_Task description_:
Pictures aside, repeat the whole listing word for word.

_Data excerpt_:
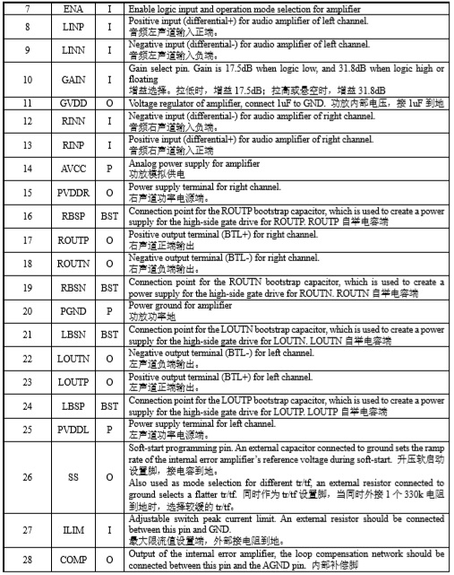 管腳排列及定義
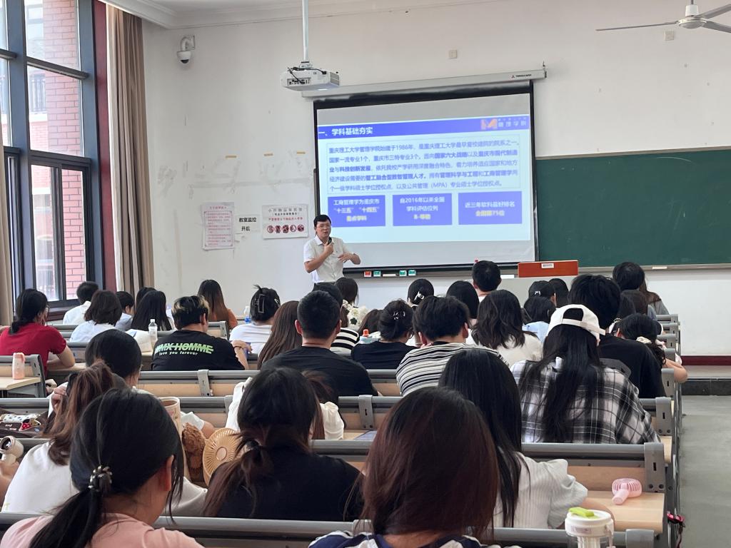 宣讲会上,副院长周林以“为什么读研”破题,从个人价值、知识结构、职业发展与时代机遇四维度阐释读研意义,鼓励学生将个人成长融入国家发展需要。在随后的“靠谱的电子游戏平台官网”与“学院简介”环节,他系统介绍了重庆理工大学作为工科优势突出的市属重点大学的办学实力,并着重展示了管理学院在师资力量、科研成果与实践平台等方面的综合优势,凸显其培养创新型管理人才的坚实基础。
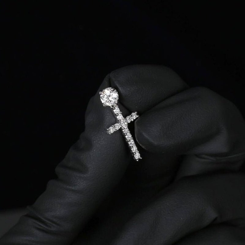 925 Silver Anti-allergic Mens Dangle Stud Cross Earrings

_Result for this task_:
 管腳排列及定義
 宣讲会上,副院长周林以“为什么读研”破题,从个人价值、知识结构、职业发展与时代机遇四维度阐释读研意义,鼓励学生将个人成长融入国家发展需要。在随后的“靠谱的电子游戏平台官网”与“学院简介”环节,他系统介绍了重庆理工大学作为工科优势突出的市属重点大学的办学实力,并着重展示了管理学院在师资力量、科研成果与实践平台等方面的综合优势,凸显其培养创新型管理人才的坚实基础。
 925 Silver Anti-allergic Mens Dangle Stud Cross Earrings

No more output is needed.